Where the green fairy tale ends
Searching for where the ESG premium faulters, researchers looked at the individual ‘E’, ‘S’ and ‘G’ scores from data providers but found the premium could not be attributed to any one subcomponent alone. Perhaps unsurprisingly, the premium was far more apparent for corporates in developed markets versus emerging ones, where creditworthiness remains the core consideration for yield spreads.
In fact, investors were particularly sensitive to credit risk for emerging market debt, with a single S&P Global credit rating change being twice as impactful versus developed markets, with an asset swap spread difference of more than 100 basis points.
The lack of ‘greenium’ in these regions could owe to several factors, the research said, including lower ESG coverage and disclosure as well as more fragility in emerging markets generally, not to mention the more complex demands of investors in developed markets for securities offering not only good risk-return profiles but also social and climate responsibility. More significant, perhaps, is how the ESG advantage seems to waver depending on market contexts, even in more developed regions.
During the initial COVID-19 shock between mid-February and the end of March 2020, when the Federal Reserve announced its first round of bond market intervention, the yield spread premium of ESG issuers was especially pronounced.
However, the period of gradual rebound between April and June showed “no statistically significant effect” for bond pricing based on changes in ESG ratings for all providers other than MSCI. One explanation for this could be the supply of corporate debt over the first three quarters – including from ESG issuers – hit record volumes, meaning a previously undersupplied entity became commonplace.
Flash forward to today and whether the ‘greenium’ still exists, GHCO’s Pughe said it will have longevity in some form, given investors continue to be ushered towards ESG tendencies by political and social pressures.
However, he added: “We have seen this trend be far less prevalent during this year’s energy crisis.

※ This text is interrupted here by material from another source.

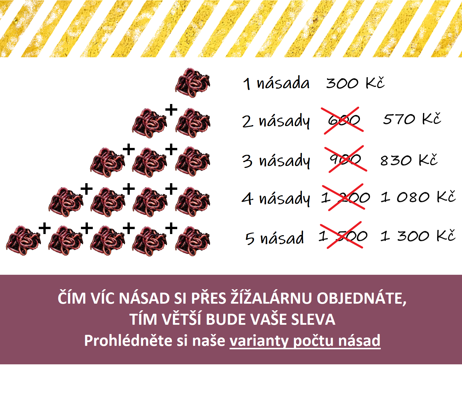Jsme malinký e-shop věnující se prodeji kalifornských žížal a potřeb pro vermikompostování. Chovu kalifornských žížal se věnujeme už pěknou řadu let. Tento hezký a hlavně praktický koníček jsme za tu dobu pomohli zprostředkovat nejednomu chovateli.

Environmentally better options have been washed out in both international and domestic markets meaning cheaper green-based financing could be downtrend-specific (or uptrend) and more niche than initial assumptions.”
Indeed, Julio Suarez, director of the Association for Financial Markets in Europe (AFME), said the ESG yield premium “marginally widened” from non-existent to up to two basis points by the end of Q1 this year, however, this could perhaps be explained by supply dynamics, with ESG bond and loan issuance down 32% year-on-year during the three-month period.

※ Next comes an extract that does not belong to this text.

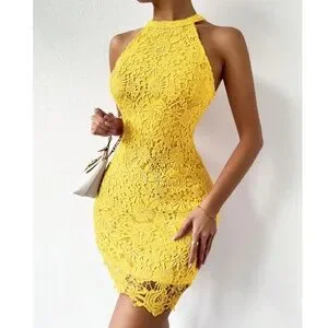 Boho Yellow Floral Lace Halter Mini Dress

Interestingly, amid this year’s asset pricing and yield volatility, ESG bond fund assets have proven relatively sticky, with $3.6bn outflows globally during the first five months of the year, versus $242bn for non-ESG fixed income funds, according to data from EPFR Global.
Looking ahead, the ‘greenium’ debate raises some important questions such as whether ESG bonds create different financial outcomes to their vanilla equivalents or how ESG yield spreads will behave as economies continue tackling high inflation and lower productivity.
To what extent a green financing advantage exists, it is vital conflicts of interest and workarounds are eliminated so only truly good corporate actors are included in indices accessing cheaper debt, however fleeting this may be.